As discussed in some of our previous articles (see Tax relief for matrimonial breakdown – what are the requirements and Matrimonial breakdowns – is CGT relief available on the transfer of assets to trusts or companies?), CGT relief under Subdivision 126-A of the Tax Act 1997 is usually available in respect of the transfer of assets between spouses following a matrimonial breakdown.

 

One issue which is commonly overlooked by advisers is that Subdivision 126-A is a tax roll-over and not a tax exemption.

 

This means that where the provisions are applied, the recipient of the asset inherits the transferor’s tax cost base for the asset and will be liable for CGT on any inherited capital gain.

 

The contrast between a CGT exemption and a CGT roll-over (and the potential pitfalls for family law advisers) can be illustrated with the following example:

 

  • Bob and Bindi own two properties – an investment property acquired for $250,000 and currently valued at $600,000 and their family home acquired for $400,000 and currently valued at $600,000;
  • Bob and Bindi suffer a relationship breakdown.

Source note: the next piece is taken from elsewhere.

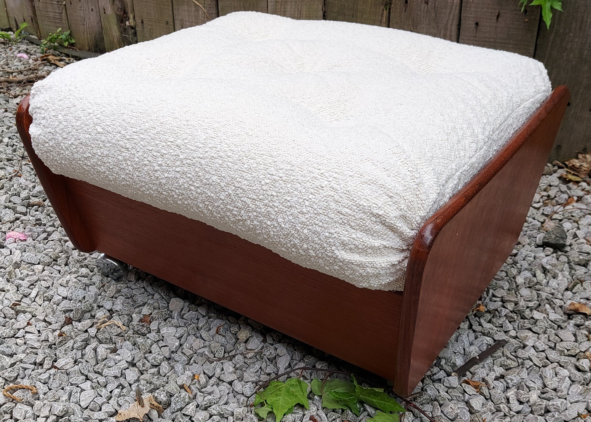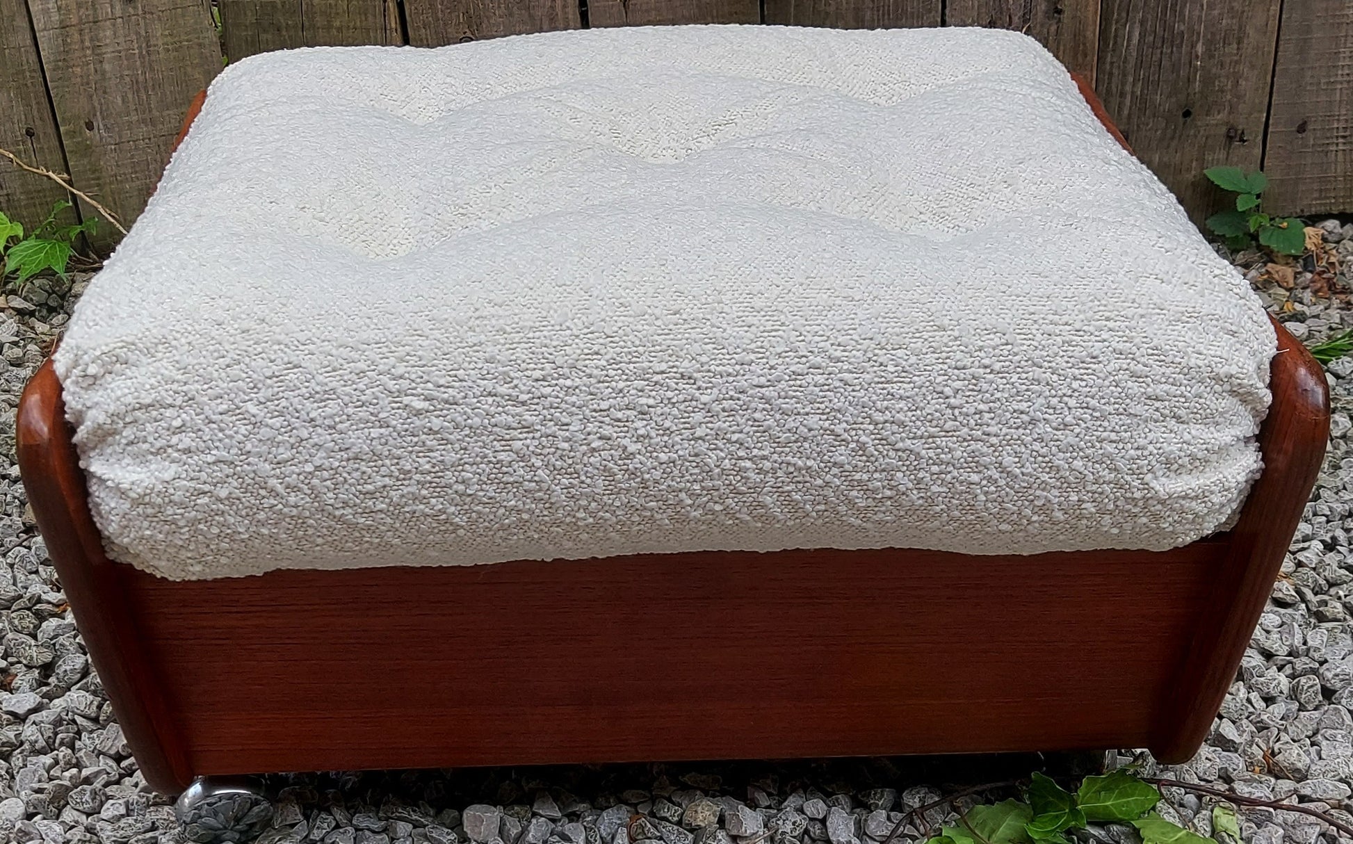 Mid Century Modern GPlan Teak Saddle Footstool ivory bouclé

They agree to separate their assets and enter into a binding financial agreement (BFA) pursuant to which Bob receives the investment property (valued at $600,000) while Bindi retains the family home (also valued at $600,000);
  • Bob and Bindi have each received an asset valued at $600,000 and appear to have been treated equally under the BFA;
  • One year later, each of them decides to sell the property they received in the relationship breakdown to acquire a new home;
  • When Bindi disposes of the family home, she is eligible for the main residence exemption and receives the entire $600,000 capital proceeds tax free; and
  • By contrast, when Bob sells the investment property, he is advised that the CGT roll-over under Subdivision 126-A means he inherited the previous $250,000 cost base for the property. When he sells the property for $600,000, he incurs a $350,000 capital gain and is liable for approximately $85,000 in tax.  This means he ultimately only has $515,000 to invest in a new property, compared to Bindi’s $600,000.

 

Inevitably in the circumstances above, Bob’s original advisers will be under scrutiny if they had not identified and explained the potential future tax cost to Bob, when the BFA was being negotiated.

 

Alternative approaches would include:

 

  • structuring the disposal of the investment property of Bob in a manner which did not qualify for the roll-over in Subdivision 126-A; or
  • including a cash adjustment between Bob and Bindi in the binding financial agreement, to compensate Bob for the future tax payable on a disposal of the property.

 

While this still would have resulted in an $85,000 tax bill being triggered, the tax cost could then have been factored into the commercial negotiations between the parties and the tax liability potentially split equally between Bob and Bindi.

 

The example highlights the importance of ensuring that all parties are aware of their likely future tax position and not just the immediate consequences of a matrimonial breakdown.